I’m an Excellent Driver

I have a specialized license plate. It’s a Doctor Who joke, and I can count on one hand the number of people who have gotten it without me explaining, but I’m still really proud of it. My car is a Chevy Sonic, so my license plate is meant to say “Screw Driver,” like a sonic screwdriver, right? Right. But because of character restrictions on personalized plates, the most common reaction I get is, “Is it SCARY DRIVER?”

The Tenth Doctor, as portrayed by David Tennant, holds up his blue and gray sonic screwdriver, a useful device that can do everything from unlock doors to put up cabinets.
Tenth doctor seen here with Sonic Screwdriver, although it could be argued that the Doctor is also something of a ‘scary driver,’ as well.

But maybe I just have that vibe. We are borrowing my parents’ pickup truck this week because my husband and I both have tiny little cars and there are some jobs that just require a truck, like hauling away old appliances or getting more than twelve bags of mulch. My husband also thought this would be the perfect opportunity to teach me to drive stick, which he has been very excited about for some time.
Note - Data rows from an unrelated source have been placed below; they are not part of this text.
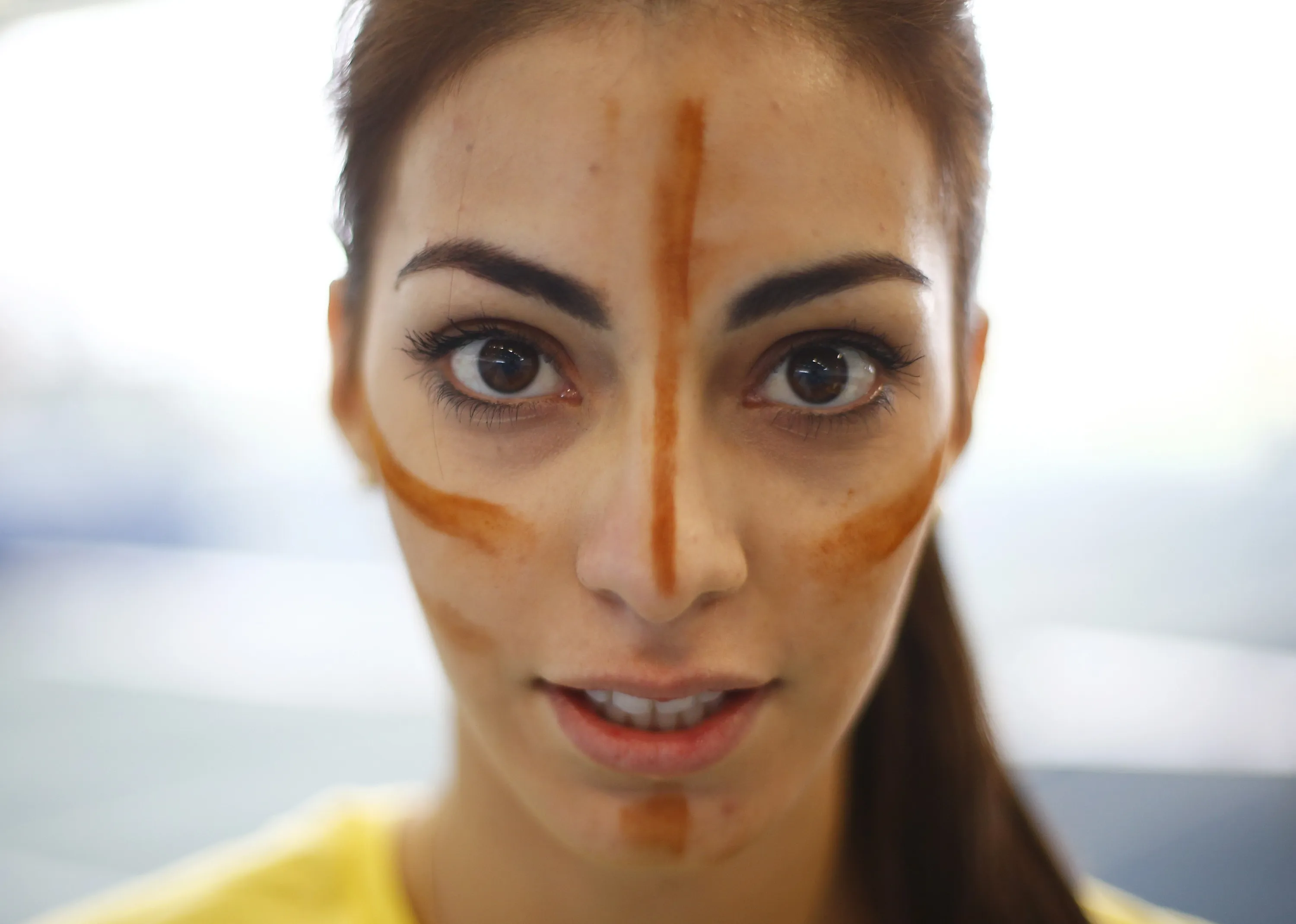Miss Ecuador Virginia Limongi wears face paint during the Miss World sports competition at the Lee Valley sports complex in north London, November 26, 2014. (Photo by Andrew Winning/Reuters)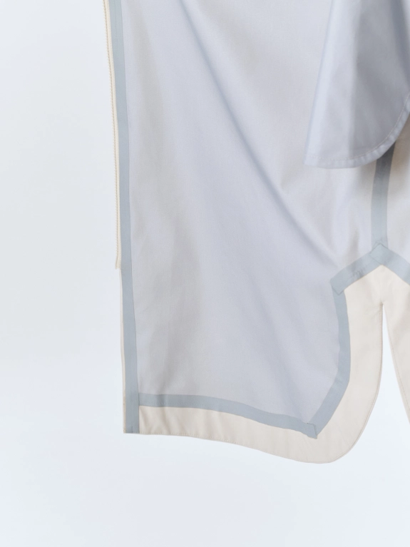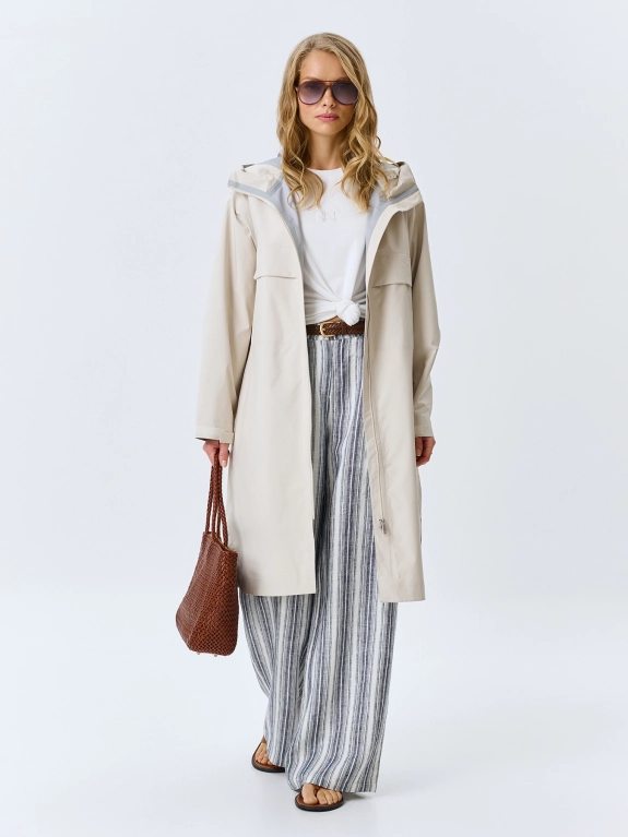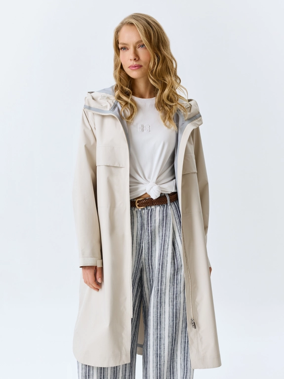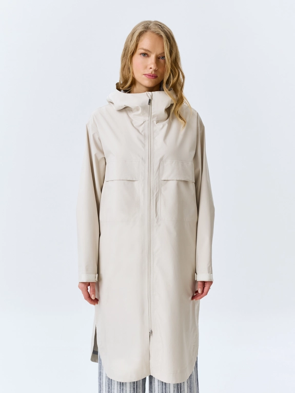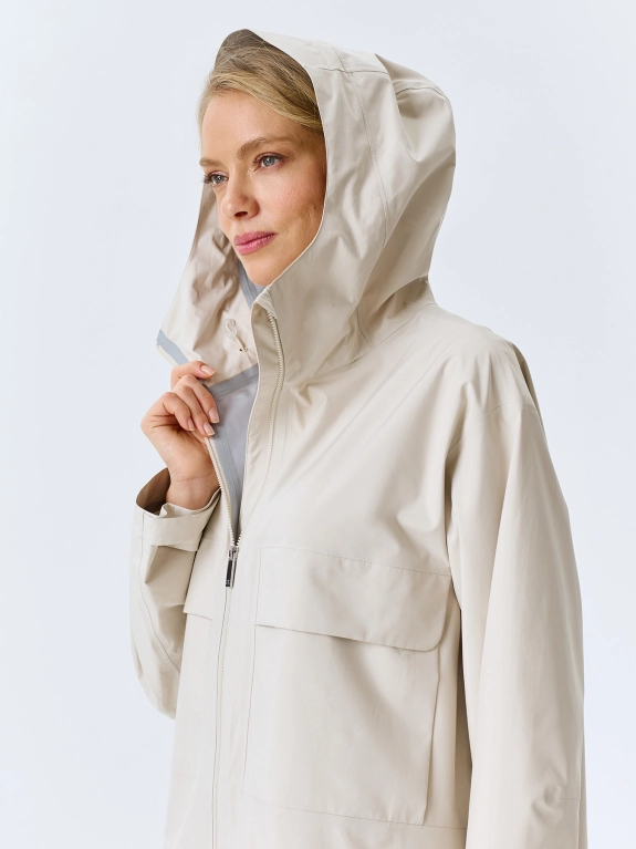 Плащ-дождевик свободного силуэта. Воротник стойка дополнен капюшоном. Застежка на молнию. Боковые карманы в швах. Накладные нагрудные карманы с клапанами и боковым входом. Длинные рукава с хлястиками с липучкой по низу. Дополнен акцентными фигурными разрезами по низу изделия. Плащ без подкладки с новой бесшовной технологией обработки.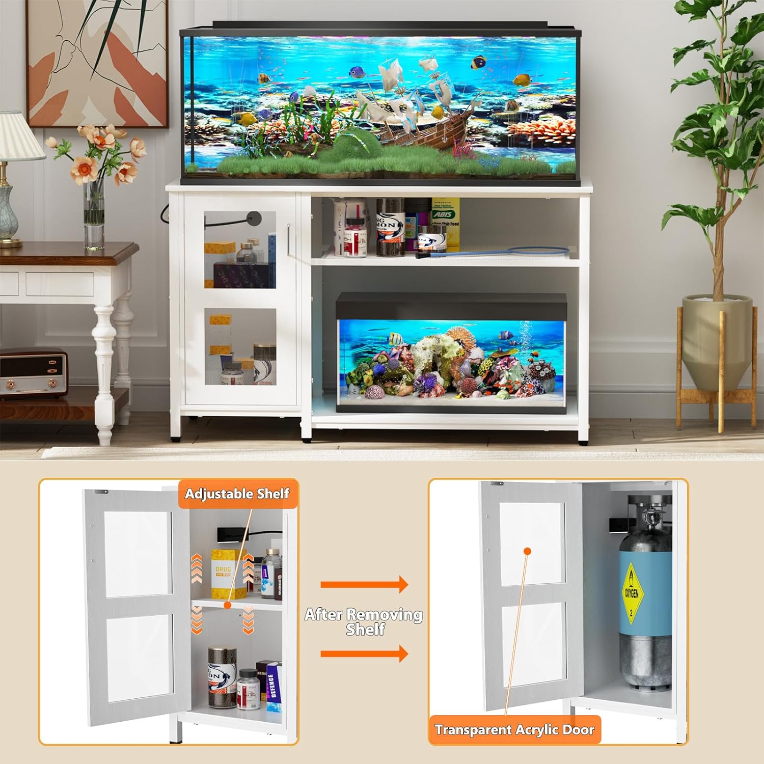 - Convenient Storage: This large fish tank stand easily keeps everything organized. First-level compartment on the right side stores fish food, nets, cleaning tools, and other accessories. The storage cabinet with doors has an adjustable design, removing the compartment allows for accommodating canister filters and CO2 hoses

I’d like to point out here that I didn’t not know how to drive stick. I was pretty confident that I could do so in an emergency, but there would be a lot of false starts and grinding of gears and panic sweats. But I would eventually get to my destination.

In fact, my first driving lessons were in a manual vehicle. When I was not quite fifteen, my dad started teaching me in our old Toyota Corolla. It was a good choice for learning to drive: small, old, and already sporting a ding or two and missing at least one hubcap.

I hit a tree. I hit a tree before I even got out of the driveway. In my defense, it was my first ever driving lesson and for reasons that still elude me (and my dad, as well, as he has admitted when we’ve discussed this in the many years since), Dad started me out in our circle drive, which is on a not insignificant incline, and the inner part of the circle is edged with large rocks and several good sized trees (see my last post where I mentioned they live out in the country on several acres of woodland). I wasn’t going fast, obviously; I hadn’t made it out of first gear or gone more than 20 feet. But the driver side mirror got twisted to an unnatural angle in the event and the plastic cover over the turn signal light was cracked. On the other hand, the awful squeak that previously happened anytime we opened the driver door stopped, so hitting the tree wasn’t entirely a disaster.

Sometime between then and my sixteenth birthday, my parents traded in the Corolla for an Escape with automatic transmission, and I completed my driving lessons in that (and a handful of other automatic vehicles in driver’s ed).

So when Kalen got home from work today, he said, “Let’s go teach you to drive the truck!” and I found myself in a gravel parking lot getting a refresher on what the clutch does and how to avoid grinding the gears.

One of the very first things Kalen told me to do was to release the parking brake. The parking lot was empty, pretty level, and the nearest trees were way on the other side of the lot. I was feeling good. I tugged on the brake release handle.

It came clean off the dash. “Scary Driver” might actually have more truth to it than I care to admit.

The parking break release in my hand and the hole in the dash where it was previously affixed.
Insert “brake/break” joke here.

The wonky, dangling mirror on that old Corolla had snapped right back into place with only a little extra push, and thankfully so did the handle for the parking brake release. And after a little practice, I managed to drive around the parking lot several times, and even across a quiet part of town to a park and then back to our house, and then into the busiest part of town to Target. And I only killed the engine eight times (seven of those were at the same light, in what was mercifully the longest left turn arrow I have ever seen in my life). I didn’t hit any trees, or pedestrians, or other vehicles, or anything!

And now we are home (I would never be so reckless as to blog while driving), and I’m going to have a celebratory popsicle. Tomorrow I might even try to drive to Lowe’s to get some mulch, and if the stick shift is too intimidating, I can always just get twelve bags in the back of my Sonic.